R- data.frame Documentation
stringsAsFactors logical: should character vectors be converted to factors? The ‘factory-fresh’ default is TRUE, but this can be changed by setting options(stringsAsFactors = FALSE).
Basically the check I'm intending will go something like
if ( any( sapply( myCsvDataFrame, class ) == "factor" ) ) {
stop("DataIntegrityError--dataframe contains character data")
}
Further documentation seems to support my guess:
Unless colClasses is specified, all columns are read as character columns and then converted using type.convert to logical, integer, numeric, complex or (depending on as.is) factor as appropriate. Quotes are (by default) interpreted in all fields, so a column of values like "42" will result in an integer column.
So this explains more of the behavior
as.is the default behavior of read.table is to convert character variables (which are not converted to logical, numeric or complex) to factors. The variable as.is controls the conversion of columns not otherwise specified by colClasses.

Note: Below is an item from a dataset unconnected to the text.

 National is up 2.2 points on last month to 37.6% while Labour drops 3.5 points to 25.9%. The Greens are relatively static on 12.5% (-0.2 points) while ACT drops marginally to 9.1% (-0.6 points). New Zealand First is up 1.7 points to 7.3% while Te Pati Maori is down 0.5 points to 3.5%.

Its value is either a vector of logicals (values are recycled if necessary), or a vector of numeric or character indices which specify which columns should not be converted to factors.
Note: to suppress all conversions including those of numeric columns, set colClasses = "character".

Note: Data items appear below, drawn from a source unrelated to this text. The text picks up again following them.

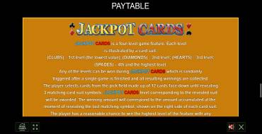 Break the progressive jackpot can every user. But only activated round Jackpot Cards is quite rare, so you need to have a lot of luck. To get the prize, you need to open three identical cards on the field. Their suit will correspond to the jackpot - spades, hearts, diamonds or clubs. The size of the award is not stable, but it is easy to know it at the moment - it is displayed above the reels.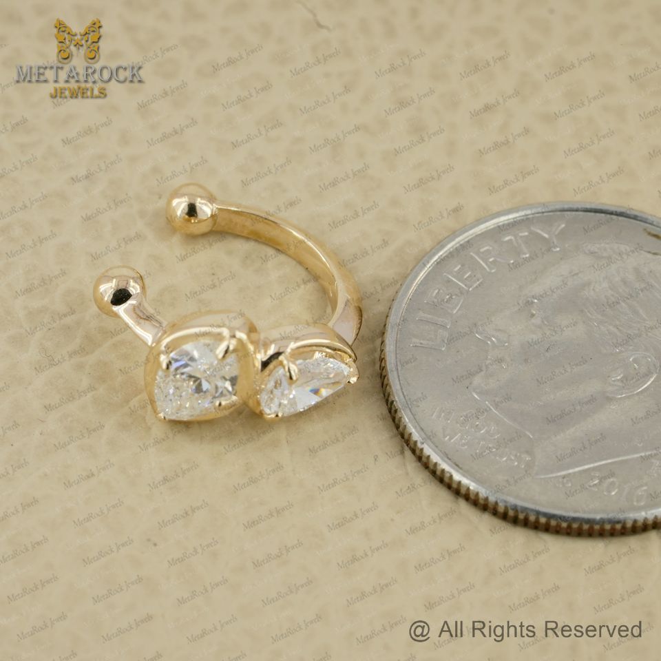 Solid 14k Yellow Gold No Piercing Ear Cuff Pave Diamond Cartilage Earring Minimalist Ear Cuff Conch Ear Cuff Earrings Gold Diamo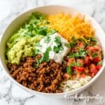 A flavorful and healthy low-carb burrito bowl featuring seasoned ground chicken or beef, sautéed cauliflower rice, fresh vegetables, and creamy toppings. Perfect for a quick, nutritious meal that fits well into a low-carb lifestyle.

Note that as.is is specified per column (not per variable) and so includes the column of row names (if any) and any columns to be skipped.
What I'm taking away from all this is that R first loads everything as characters (which makes sense in the CSV context, being just a flat text file right) and then attempts to coerce/convert certain columns into numeric/logical types and only where such conversion was unsuccessful are left columns which remain as character data which are subsequently stored within factors to become what we see in the resulting data frame.